Without any of its pictures, the listing below should be output exactly.

→ **SUPPLIED DATA**:
== Segment start ==
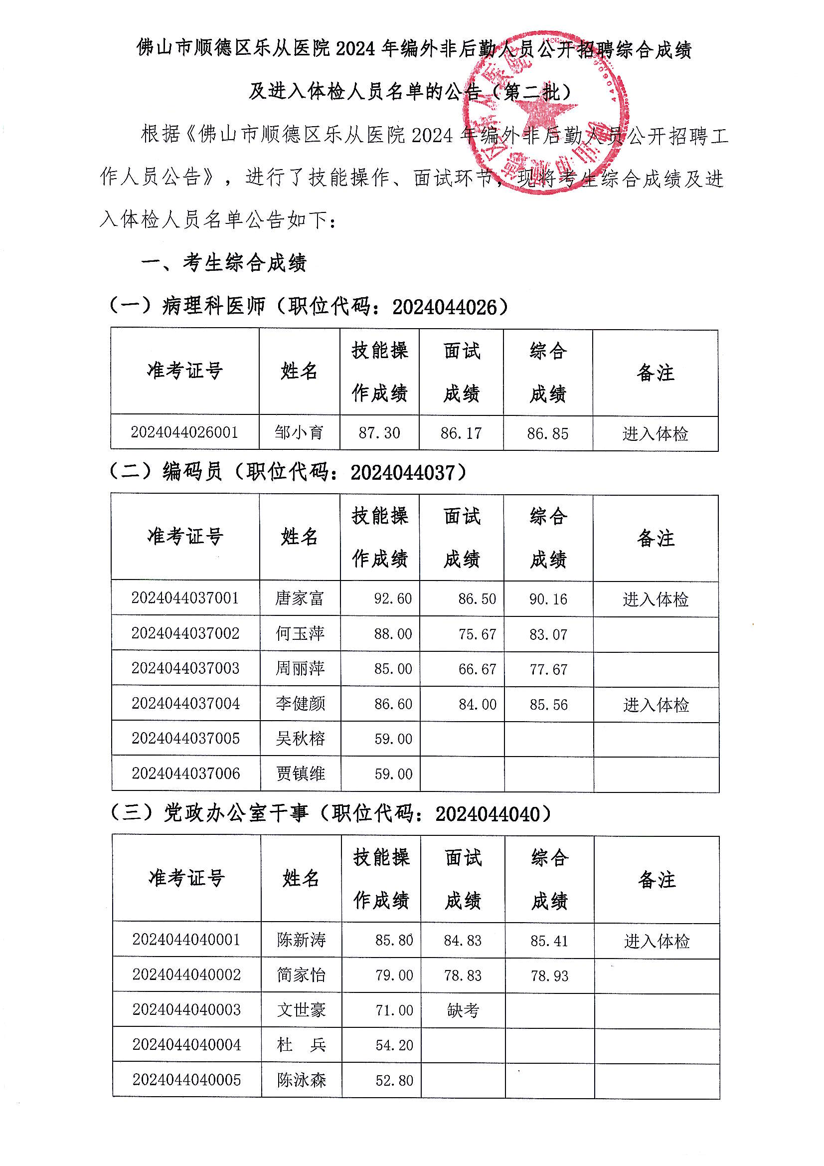 樂從醫(yī)院2024年編外非后勤人員公開招聘綜合成績及進(jìn)入體檢人員名單的公告(第二批)
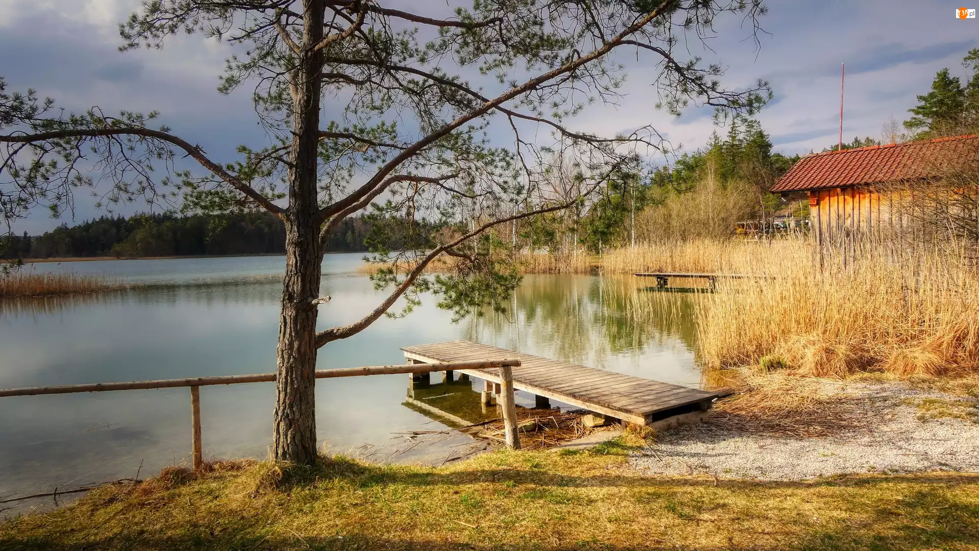 Dom, Jezioro, Pomost, Drzewa
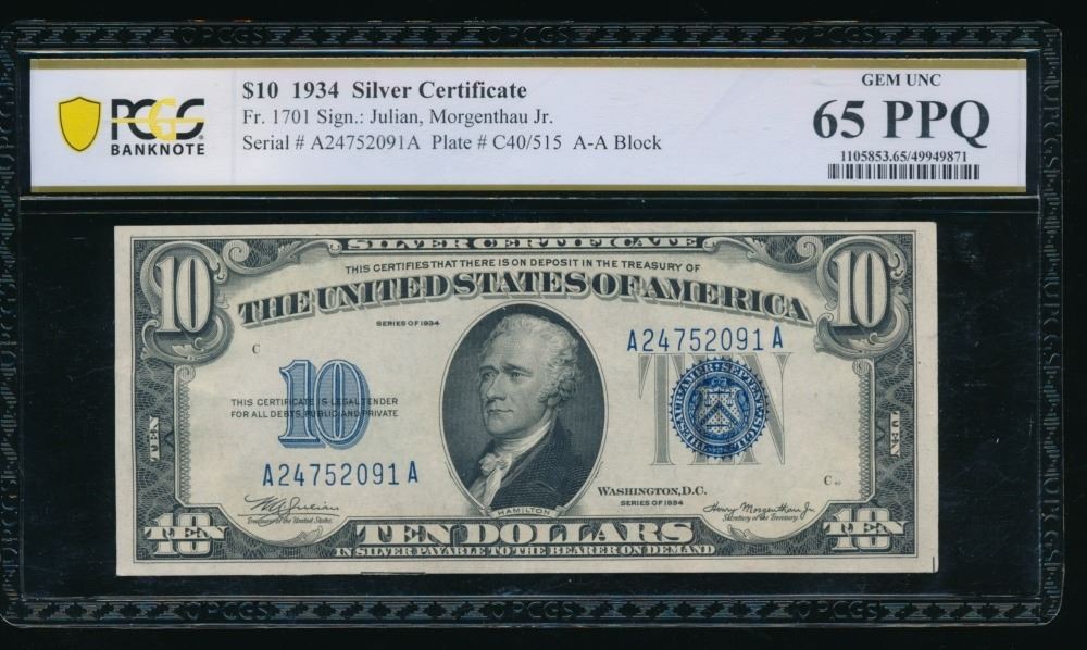 One 1934 $10 Silver Certificate PCGS 65PPQ.
== Segment end ==
→ **ANSWER AREA**:
 樂從醫(yī)院2024年編外非后勤人員公開招聘綜合成績及進(jìn)入體檢人員名單的公告(第二批)
 Dom, Jezioro, Pomost, Drzewa
 One 1934 $10 Silver Certificate PCGS 65PPQ.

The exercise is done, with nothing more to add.